How do you handle API versioning?

api

#1

Hello!

I have a question about a better way to handle a version of your REST API.

I came across a couple of posts (post1, post2) suggesting to use vendor MIME type for that in 2 ways:

  • version inside subtype, like application/vnd.steveklabnik-v2+json;
  • version as mimetype parameter, like vnd.example-com.foo+json; version=1.0

I would be glad to hear about pros and cons of both solutions. Or maybe there is other way?


#2

What’s wrong with /api/v1 and /api/v2, e.g. namespacing?


#3

There is a good argument to be made that versions in the URI are neither good URI design nor RESTful. You want your public facing link to be permanent, an URI in your system should try as much as it can to be exactly that, a Unique Resource Identifier. Having versions in your URIs was never supposed to be a part of the picture.


#4

:slight_smile:


#5

I’m with @dimitarvp on this one.

Also we are moving towards WebSocket APIs where we don’t have the option to specify version in the header so for me this particular holy war is won by URLs / topics :slight_smile:


#6

That’s perfectly ok. All of the 3 common versioning schemes (@BrightEyesDavid article has this explained) have their advantages and disadvantages. If you have to use URL versioning just know what you’re giving up.


#7

I am not gonna do academic discussions. Half of HTTP 1.1 headers should not even be used the way they are used but here we are.

Versioning by using namespaced URIs solves a lot of problems and gives you an ability to evolve your API instead of being stuck with legacy baggage forever.


#8

You do you. The way I worded it, I hope, was supposed to convey facts without having my stance figure in it at all.

Having said that, versions in your URL can seriously hamper the evolution of your APIs too. As I already mentioned, all options out there have a trade off, you have to pick the one you think is right for your problem. Dismissing the entire issue by saying it’s academic, I feel, doesn’t do you many favors.


#9

Care to give an example? Lots of big companies do that (from the top of my head Twitter, Google, PayPal, DigitalOcean) and seem to cope.


#10

A version in the URI does not affect permanence, the v1 URI will always get the exact same thing.


#11

Sure, with that approach you always run into issue of the type: I have a change in one of my resources, does this warrant a version increase?

You will naturally tend to have large releases that increment your version, and then wonder what to do with smaller changes. There is always the risk of small changes creeping into your API without a version change.


#12

Sure, with that approach you always run into issue of the type: I have a change in one of my resources, does this warrant a version increase?

Does it matter if you pass version in URL or a header though? You’d have to be able to increase version and fallback to the logic of the previous one no matter how you go about versioning.


#13

You are implying that adding one field to a child object as a part of a bigger response will break clients. I have never seen that happening.

Version increases cover large shifts. Minor changes in the API do not at all warrant version increases.

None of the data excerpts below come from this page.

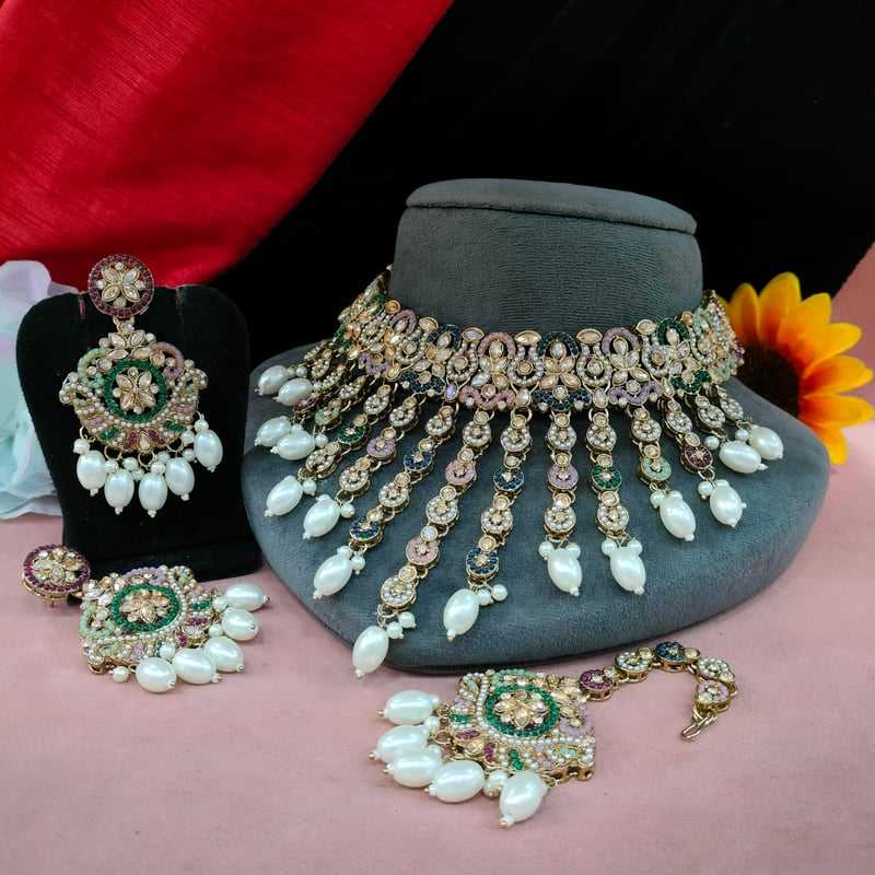 ชุดสร้อยคอไข่มุกพร้อม Maang Tikka มุกที่มีคุณภาพดีที่สุด, เพทายและ kundan ตกแต่งด้วยทองคำที่สวยงามและสวยงาม
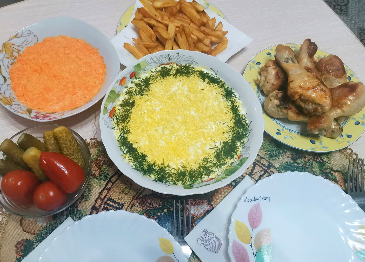 Всем большой привет, дорогие друзья 🤗 Сегодня мой муж приехал домой. Это вынужденный приезд, так как у него заканчивается страховка. Но он решил остаться на свой День рождения 13 января. Всё-таки 35 лет, как никак 🥰 Если честно, за то время, пока мы вместе, его День рождения мы не отмечали ни разу. Всегда работа на первом месте 😞 Ну а по приезду мужа я всегда готовлю стол, это уже традиция☺️ На фото: салат "Мимоза", салат "Морковь с чесноком", картошка фри, запечённые куриные голени и соленья😋 Конечно, много осталось . Это очень хорошо, потому что завтра мне будет некогда готовить. Составили меню и список покупок. Завтра поедем закупаться, и я начну уже готовить слоёные салаты 😋 Пригласили родственников по минимуму и друзей🤗🥰 Итак, наше меню: 1. Салаты и закуски 2. Горячее 3. Десерт 4. Напитки Может быть, чего-то не хватает? Как Вам кажется? Благодарю Вас за подписку и 👍👍👍🤗🥰
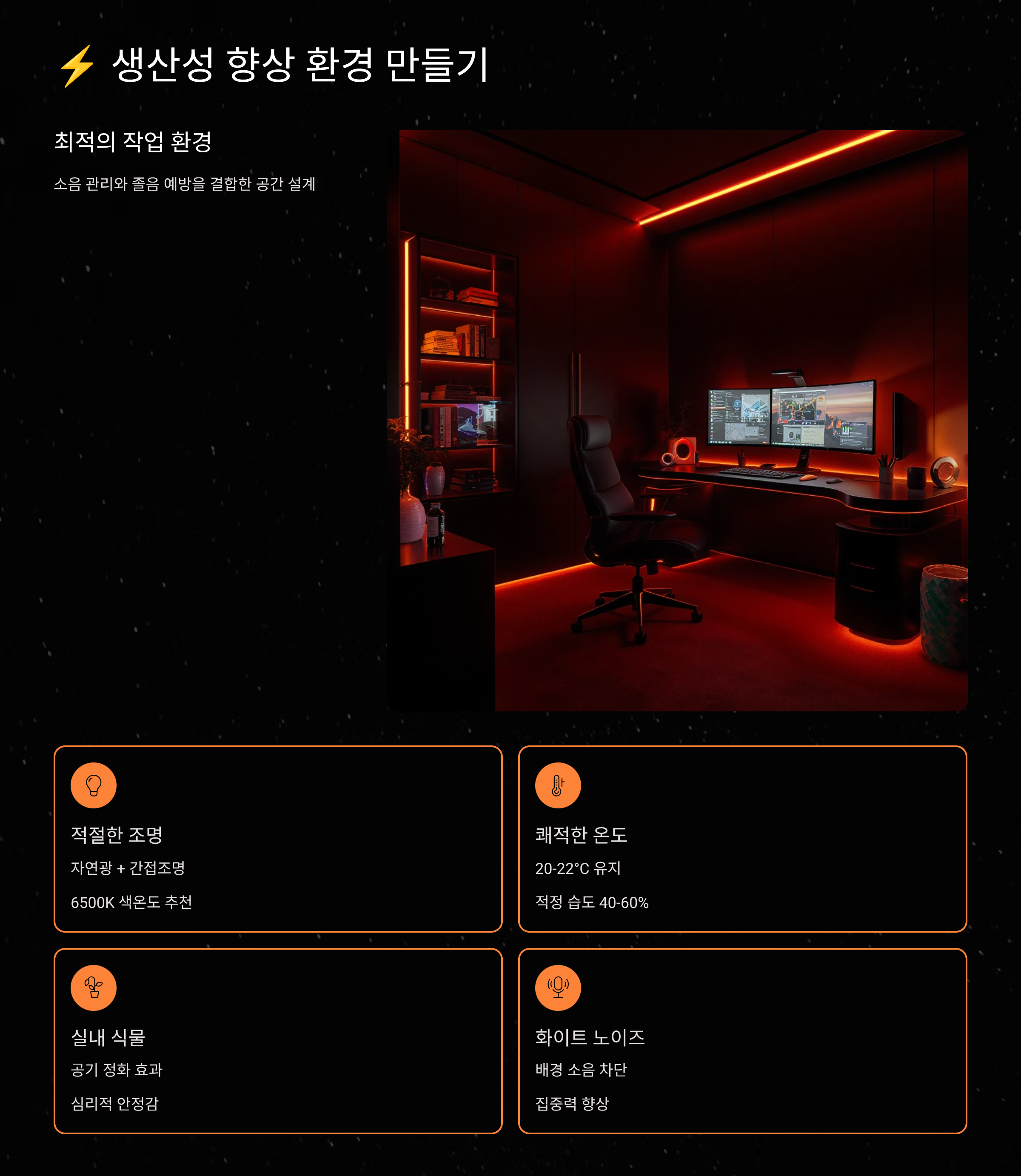생산성 높은 환경을 만들려면 조명, 온도, 습도, 소음 등 여러 요소를 종합적으로 관리해야 해요. 연구에 따르면 최적의 업무 환경은 조도 500-1000룩스, 온도 20-24도, 습도 40-60%, 소음 50dB 이하라고 해요. 이런 환경에서 집중력은 40% 향상되고, 실수는 25% 감소한다는 결과가 있답니다.

Breaking changes can happen but it’s a rarity. Nobody is in the business of changing APIs every week.

You are assuming much more brittleness than what is practically visible out there. People go out of their way to not make changes break existing clients, quite successfully 99% of the time too.


#14

This is debatable. You will see APIs move from version 1 to say eventually version 3, then drop support for version 1. All your links now stop working.

There are ways around this, with say redirection. But having a single URL that doesn’t have these issues.


#15

This has zero relation to if your API URLs are namespaced or not. Businesses die – or rapidly change course – every day.

Deprecations are a fact of life.


#16

I was not implying this. And sure, you may have a simple API where this doesn’t happen. But all the discussion there is about this topic may point out that versioning is not such a simple issue. If 99% of APIs handle this successfully as your research points out, then I think that would mean that one way is the absolute correct way and people just don’t have these issues.

Personally, I think people underestimate the entire problem of versioning. Take NPM as an example. It is widely used, didn’t take versioning seriously for a long time, and is still incredibly successful. So don’t let that stop you from using it. But if you are building an API you want to last for a long time, and evolve, ignore proper versioning at your own peril.


#17

Successful according to whom? Popularity does not correlate with quality – in my experience they are often at odds with each other. NPM has had security problems several times publicly and who knows how many times without a disclosure. People mostly tolerate NPM, they don’t like it – at least the people I talked with.

But we are venturing in a territory where each of us can require official proof and not get it because it doesn’t exist. And each of us can say the other only has an anecdotal evidence. So the discussion won’t reach any conclusion ever.

So I say let’s draw the line here and give others a chance to chime in.


#18

Well said, I agree completely. Thank you for your time.


#19

I have a slightly different question. How many of you saw an app using API versioning that actually used the v2 or vn versions? Unfortunately, my experience besides the big API providers is that usually it perpetually stays on v1 and does breaking changes anyway.


#20

I go with name spacing the api. It gives the client stability, the provider flexibility to make breaking changes, and provides an upgrade path.